All true and indisputable points

the only question that remains is, is the cost of litigation from midlevel care going to be offset by the savings of paying midlevels?


The answer is harder to calculate than you'd think imo

I'm honestly not sure, but I'm generally expecting some large system, at some point, to kick out all the docs and see what happens.

EM is on such an island with poor lobbying I think it's easier for that island to sink and no one notice
 
All true and indisputable points

the only question that remains is, is the cost of litigation from midlevel care going to be offset by the savings of paying midlevels?


The answer is harder to calculate than you'd think imo

I'm honestly not sure, but I'm generally expecting some large system, at some point, to kick out all the docs and see what happens.

EM is on such an island with poor lobbying I think it's easier for that island to sink and no one notice

a LOT of the MLPs that I work with think that they're SO good (because they're old), but are really SO bad.
a LOT of them.
 
Again

no dispute sir

What I want to have happen, and what I worry will happen, are mutually exclusive here...
 
Again

no dispute sir

What I want to have happen, and what I worry will happen, are mutually exclusive here...

Oh, no argument from me bro.
I just had to point out how so many of them think they're "so good" but are so, so Dunning-Kruger'ed.
 
Even for locums to be worth it you have to make 350-375 plus bonuses. I would only do locums for the southeast if I had to. I don't see the point batting snow and having my plane delayed.

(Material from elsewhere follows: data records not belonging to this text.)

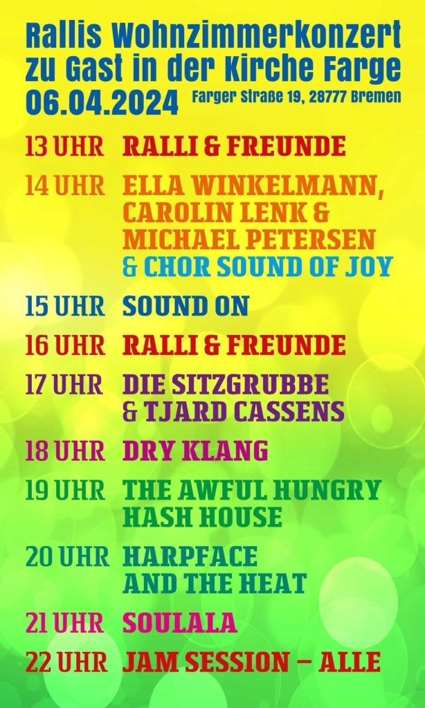 Harpface and the Heat, Ella Winkelmann mit Carolin Lenk und Michael Petersen, Ella Winkelmann mit Chor Sound of Joy, Dry Klang, Sound On, The Awful Hungry Hash House, Die Sitzgrubbe und Tjard Cassens, Soulala, Ralli und Freunde (Joey Lamprecht, Anja Kunde, Heiner Maass, Tom Fritsch, Jürgen Fastje, Helga Fastje, Rüdiger Estrup, Olli und Üv, Mareike Christ, Jule Kraus, Stefan Pelikan)
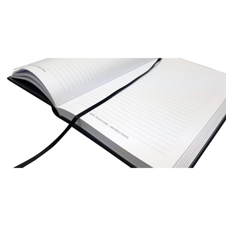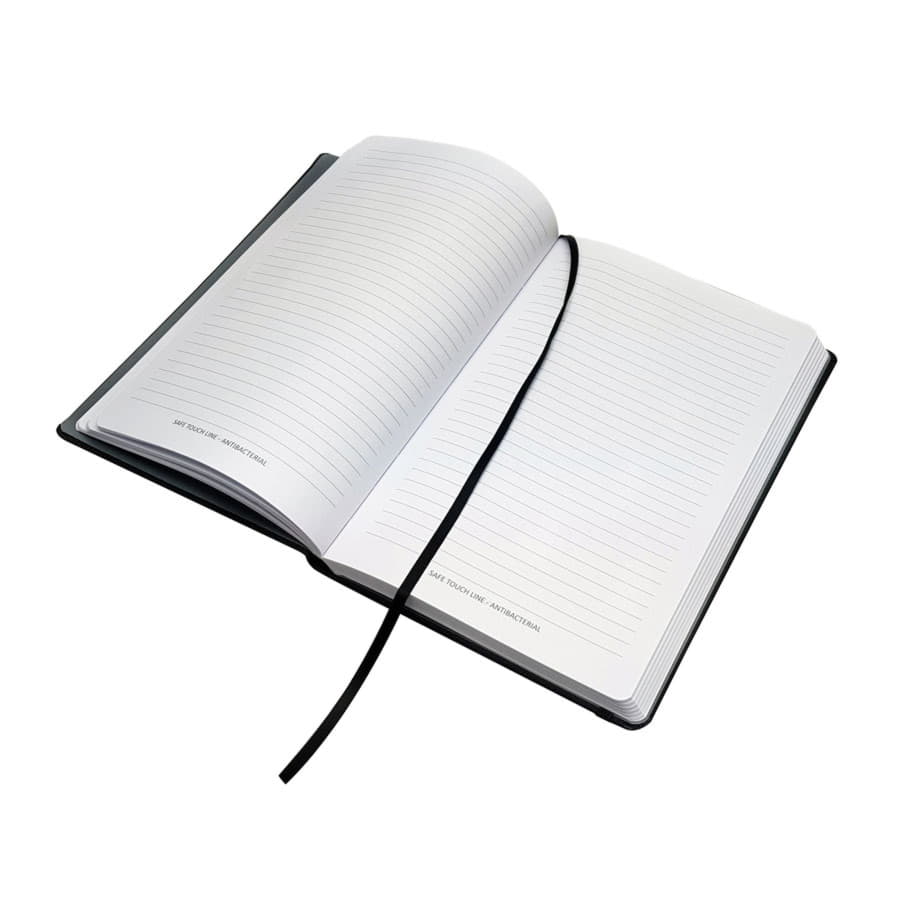 Блокнот PRIME SAFE TOUCH, А5, 100% антибактериальный, черный Первый на рынке 100% антибактериальный блокнот бренда Enote Разработан и произведен в Европе Не только материал обложки с антибактериальным покрытием BIOMASTER (Великобритания), но и польская бумага внутреннего блока также с антибактериальной добавкой BIOMASTER AT300 Антибактериальный эффект подтвержден тестами в соответствии со стандартами ISO 22196: 2011 и ISO 20743_2013 Твердый переплет Обложка из soft-touch кожзама (Италия) Серые форзац нахзац Блок в линейку 256 страниц Бумага FSC белая 70 г м2
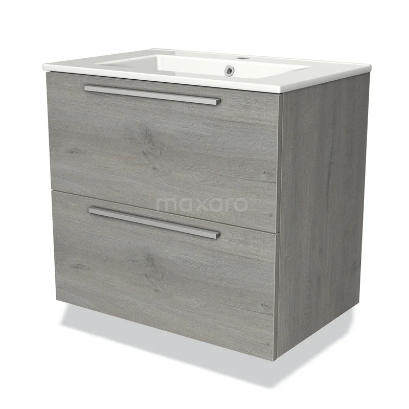Modulo Waschtische | 70 cm Graue Eiche Flach front Keramik 2 übereinanderliegende Schubladen
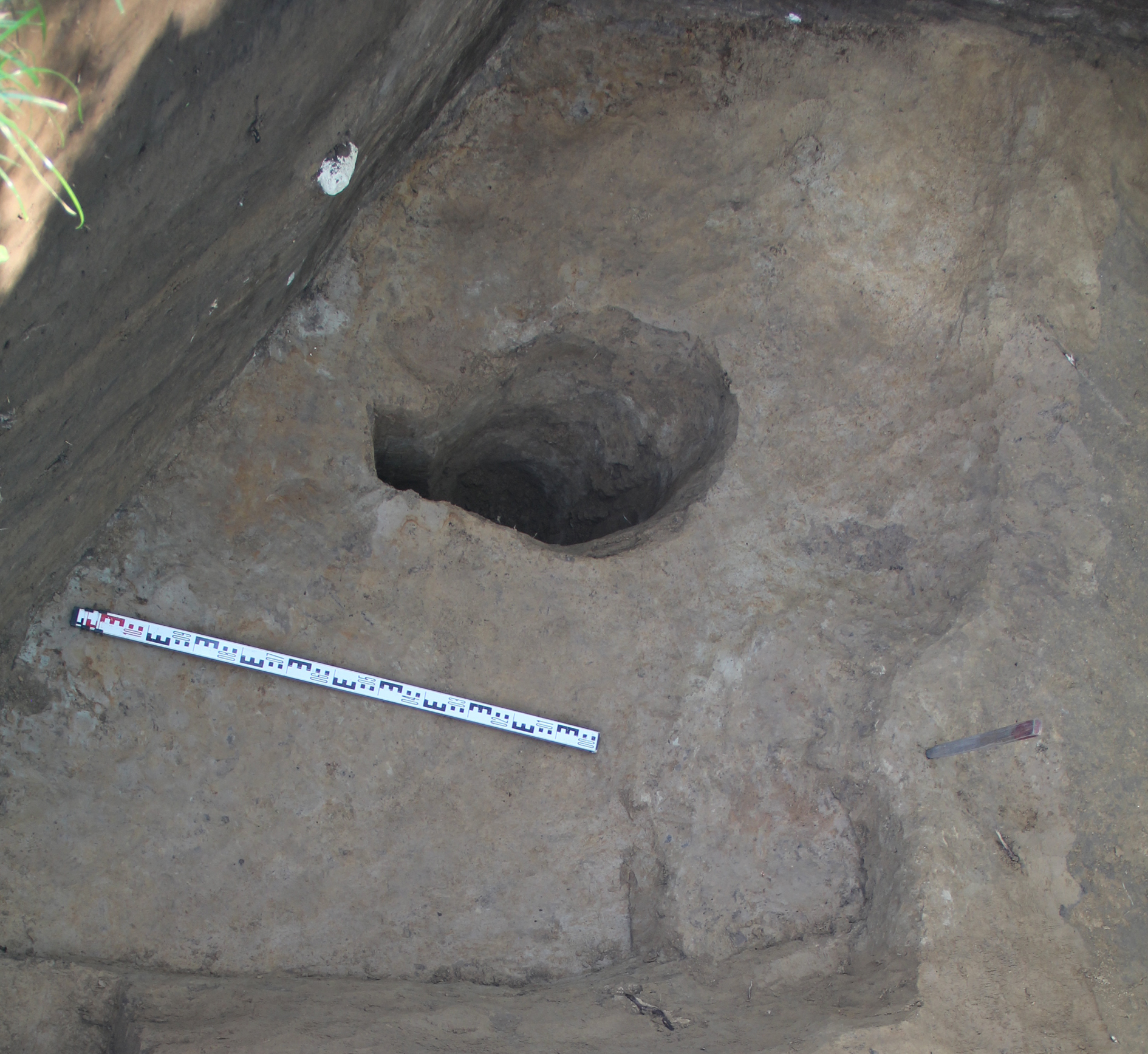 Раскоп на рву детинца Ростиславля. Яма от столба на дне рва

Many EM docs will also sell out the profession by opening HCA residencies and working for 125 and hour. Now its hard to find straight hourly positions period. Locums is the only that consistently pays hourly most full time jobs have an rvu component.

The ED is the money maker and referral center in moderate income neighborhoods. So you are under pressure for press ganey and length of stay which is just as important as how many patients per hour you see.
 
I think EM is done. I got mine (still am $330-$380 per hr, CMG/physician owned contract work) while I could. I am a younger doc but worked double time since finishing residency which makes me a middle aged doctor (lived cheap, saved a much as I could). Thus my financial situation is different from my fellow docs.

New grads (docs/midlevels) are getting weaker and weaker. I am nothing special, but the future looks very bad for medicine in general.

Older elderly docs all retired during COVID. Older docs white knuckled the job and are retiring now or getting close to retirement (decreased hours). Middle docs took/taking the risk of doing other things. Younger docs had no choice but to continue.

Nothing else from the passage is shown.